» ACTION ITEM:
Copy out every line of the material below, character for character, apart from the pictures.

» STORED DATA:

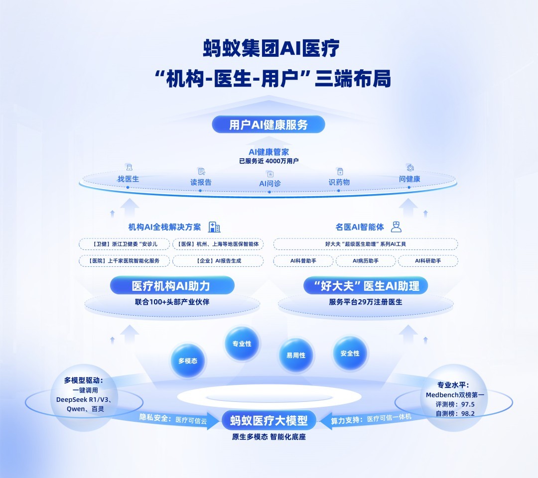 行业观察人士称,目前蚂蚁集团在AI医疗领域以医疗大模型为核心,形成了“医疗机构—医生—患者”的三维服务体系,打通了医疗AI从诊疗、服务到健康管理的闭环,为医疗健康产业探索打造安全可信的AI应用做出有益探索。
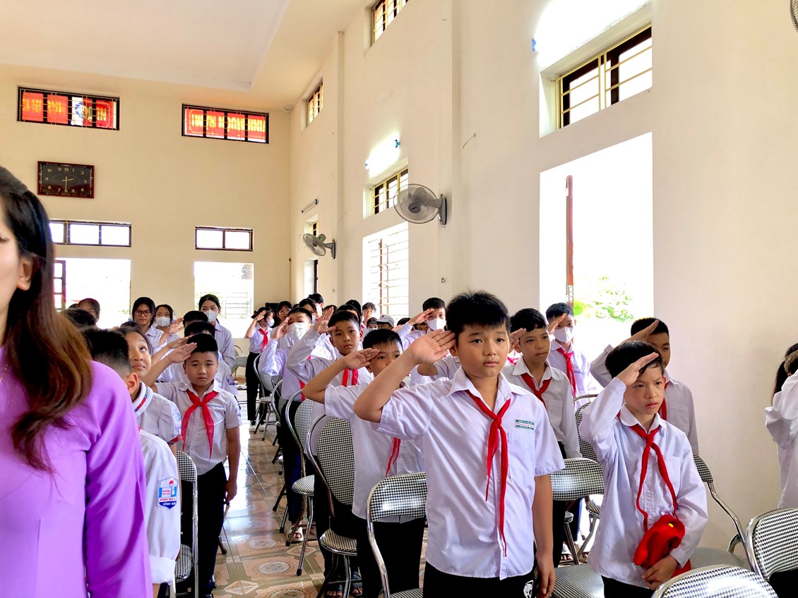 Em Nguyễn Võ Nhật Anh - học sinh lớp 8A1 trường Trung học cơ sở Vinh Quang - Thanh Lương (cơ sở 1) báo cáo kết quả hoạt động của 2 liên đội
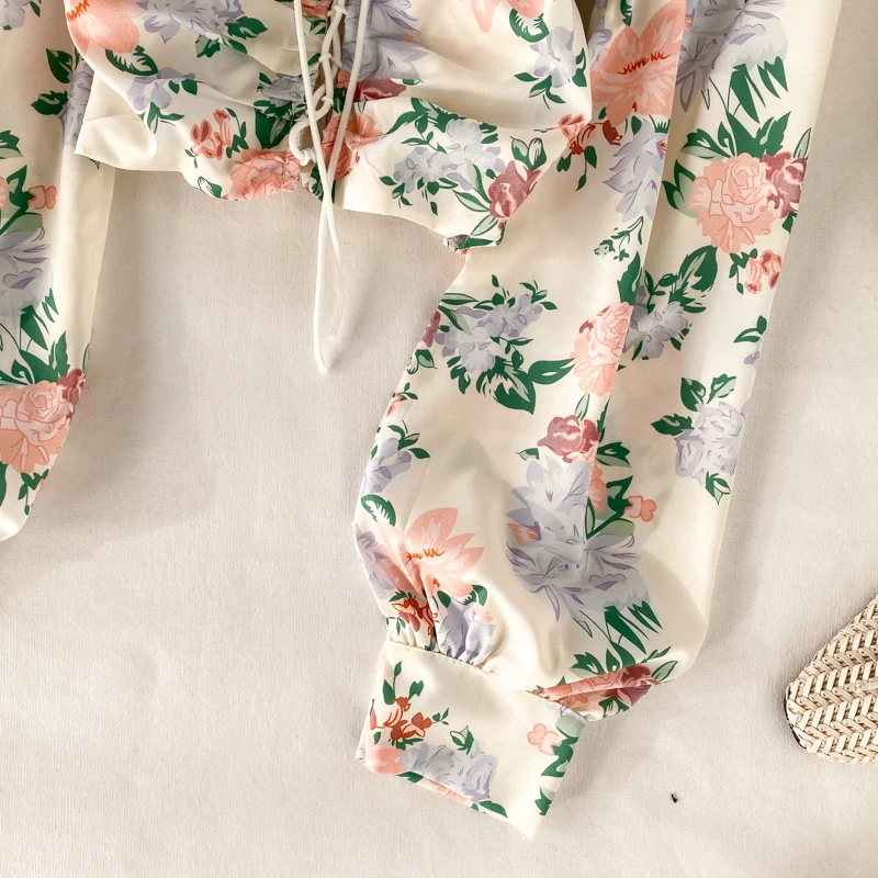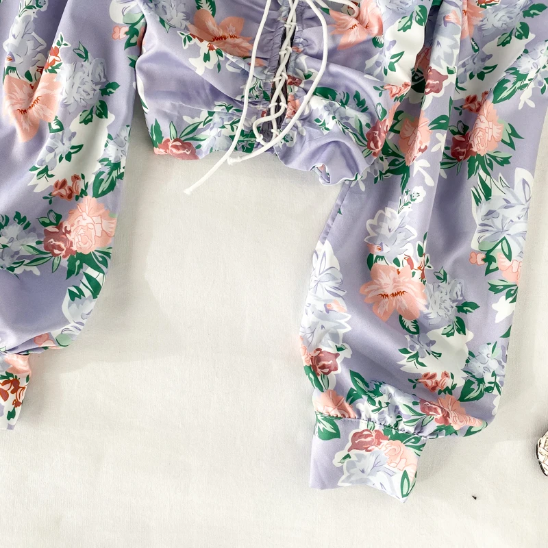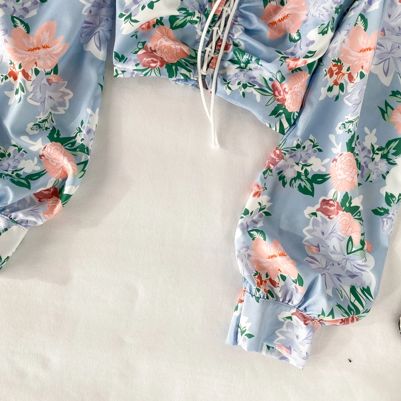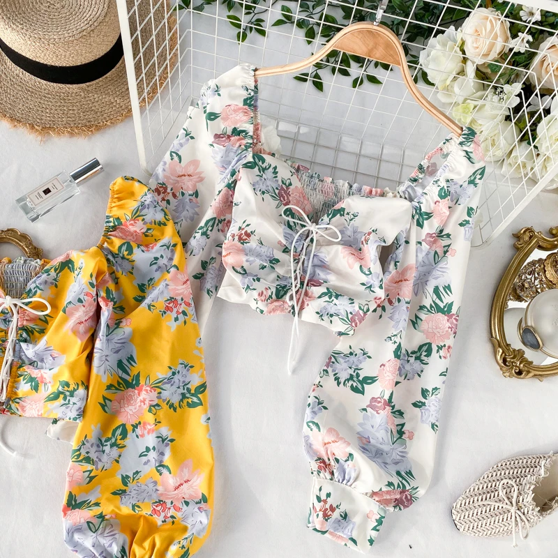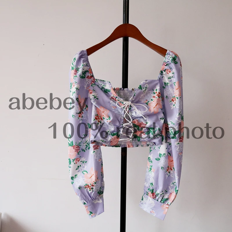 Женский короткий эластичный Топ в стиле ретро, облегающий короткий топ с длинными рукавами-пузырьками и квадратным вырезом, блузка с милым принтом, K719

» EXERCISE RESULT:
 行业观察人士称,目前蚂蚁集团在AI医疗领域以医疗大模型为核心,形成了“医疗机构—医生—患者”的三维服务体系,打通了医疗AI从诊疗、服务到健康管理的闭环,为医疗健康产业探索打造安全可信的AI应用做出有益探索。
 Em Nguyễn Võ Nhật Anh - học sinh lớp 8A1 trường Trung học cơ sở Vinh Quang - Thanh Lương (cơ sở 1) báo cáo kết quả hoạt động của 2 liên đội
 Женский короткий эластичный Топ в стиле ретро, облегающий короткий топ с длинными рукавами-пузырьками и квадратным вырезом, блузка с милым принтом, K719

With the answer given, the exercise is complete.